● Work request: Word for word, restate the data that follows, omitting the images.

● Available data:

======

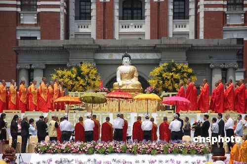 五月十日,台湾佛教团体以各种形式举办庆祝母亲节暨佛诞节活动。国际佛光会中华总会、佛光山寺及行政院环保署在台湾领导人办公室前的凯达格兰大道举办盛大的谢佛诞暨谢母恩法会,数万信众前来与会。中新社发 耿军 摄
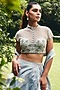Featuring an ice grey ruffled gown in foil satin and glazed organza base. It is paired with an embroidered blouse. Style this look with chandbali earrings, a chic potli, and heels for the perfect sangeet outfit.
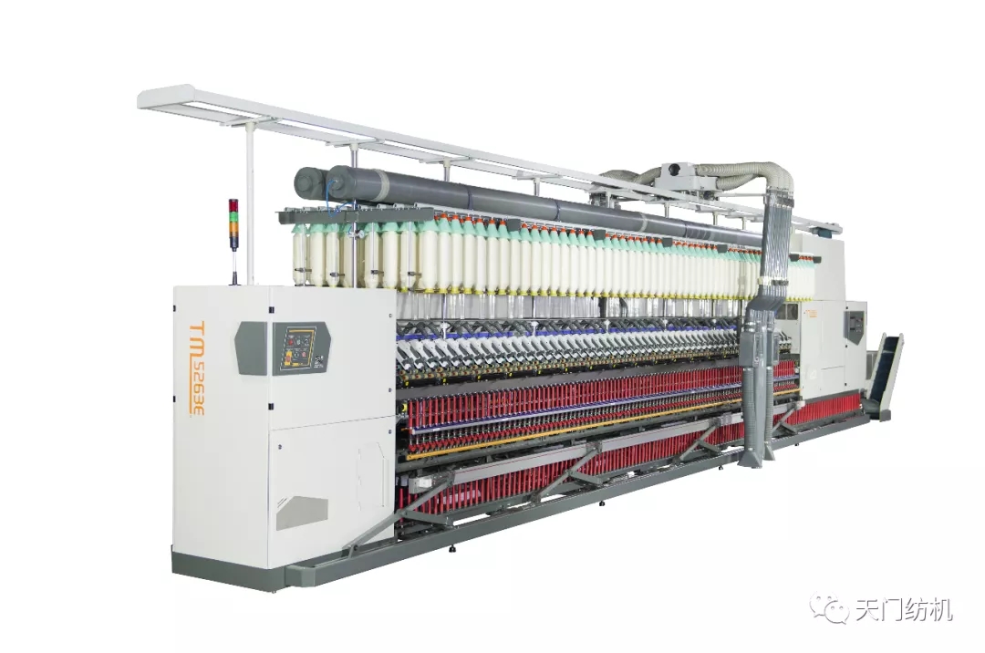TM5263E型細紗機超長錠數(shù),實紡錠速可達22000轉(zhuǎn);整體機架,新型紡紗斷面;可實現(xiàn)電子牽紳、電子升降、電子加捻、集體落紗;雙頭吸風(fēng),直聯(lián)永磁電機,使整機節(jié)能20%以上,配有單錠檢測,粗紗自停裝置;配套零尾紗錠子;可實現(xiàn)粗細絡(luò)聯(lián),機臺可聯(lián)網(wǎng)控制和物聯(lián)網(wǎng)。

======

● Output for this task:
 五月十日,台湾佛教团体以各种形式举办庆祝母亲节暨佛诞节活动。国际佛光会中华总会、佛光山寺及行政院环保署在台湾领导人办公室前的凯达格兰大道举办盛大的谢佛诞暨谢母恩法会,数万信众前来与会。中新社发 耿军 摄
Featuring an ice grey ruffled gown in foil satin and glazed organza base. It is paired with an embroidered blouse. Style this look with chandbali earrings, a chic potli, and heels for the perfect sangeet outfit.
TM5263E型細紗機超長錠數(shù),實紡錠速可達22000轉(zhuǎn);整體機架,新型紡紗斷面;可實現(xiàn)電子牽紳、電子升降、電子加捻、集體落紗;雙頭吸風(fēng),直聯(lián)永磁電機,使整機節(jié)能20%以上,配有單錠檢測,粗紗自停裝置;配套零尾紗錠子;可實現(xiàn)粗細絡(luò)聯(lián),機臺可聯(lián)網(wǎng)控制和物聯(lián)網(wǎng)。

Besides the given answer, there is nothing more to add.